Why are streams better for large collections if you still need to enumerate over the entire stream?

Pistrie · November 4, 2023, 11:45am

I’m reading the documentation page, but it’s not landing. A stream basically defines how you want to go over the collection, without actually executing it at that time. Nothing happens until you enumerate over it.

This is where I get lost. What is the point of the stream if you still need to enumerate over it with Enum? I can understand it a bit better if you don’t want to enumerate over the entire stream, but what if you do want to do that? Are you better off skipping the stream altogether?

Given this example (slightly modified from the documentation):

iex> range = 1..1_000_000
iex> stream = Stream.map(range, & &1)
iex> Enum.map(stream, & &1)          
[1, 2, 3, 4, 5, 6, 7, 8, 9, 10, 11, 12, 13, 14, 15, 16, 17, 18, 19, 20, 21, 22,
 23, 24, 25, 26, 27, 28, 29, 30, 31, 32, 33, 34, 35, 36, 37, 38, 39, 40, 41, 42,
 43, 44, 45, 46, 47, 48, 49, 50, ...]

Here the entire stream is being enumerated over, so why not just use map and skip the stream?
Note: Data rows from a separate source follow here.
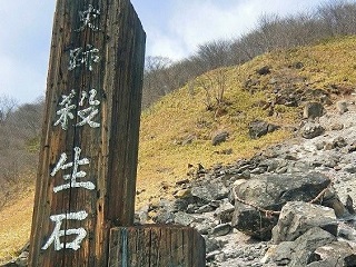 殺生石と言えば九尾の狐こと玉藻の前の話ですね。死んでもなお毒ガス出しまくるとははた迷惑なやつだと、当時鼻をつまんで歩いた記憶がありますよ。
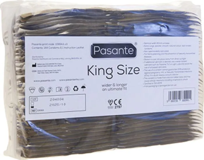 Προφυλακτικό King Size από τη Pasante, σχεδιασμένο για τους χρήστες που χρειάζονται μεγαλύτερη άνεση και χώρο. Ιδανικό για μεγαλύτερους όγκους.
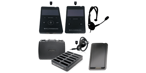 The frequency-hopping algorithm of the Digi-Wave system ensures secure, seamless communication without any interference. This tour guide system comes with a durable carrying case for convenient transport, 12-bay charger, a headset for the guide, and earphones for guests.
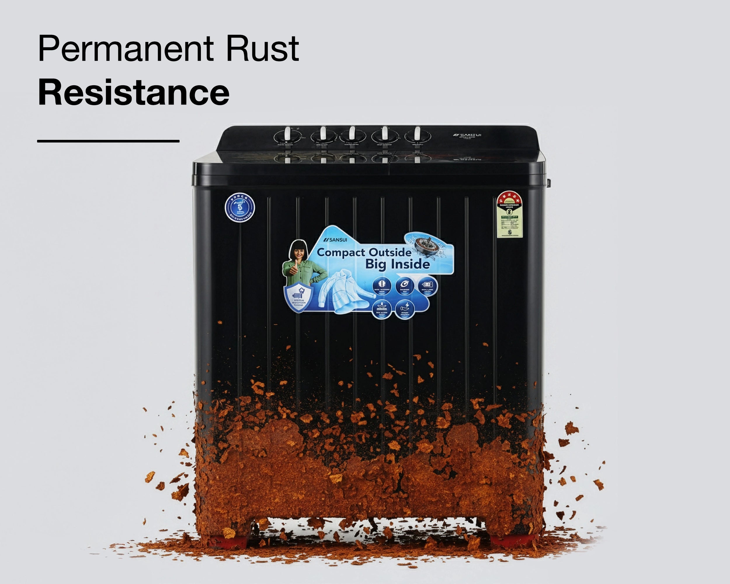 - Special Features: Spin Basket balancer with Saline water, Waterfall, Water level selector, Soft Closing Lids, Thermal-protected Motors, Buzzer, Caster Wheels, Magic Filter, 5 Star BEE ratings, Rust-Free Plastic Body and Water Resistance - IPX Grade.

josevalim · November 4, 2023, 11:47am

It depends on how many operations you want to perform. If it is a single map, it is likely that the stream is slower. But if you want to map, filter, reduce, etc, each Enum operation will build a new list, the Stream will traverse once. for comprehensions are highly optimized too. If you feel the docs could be clearer, a PR is welcome!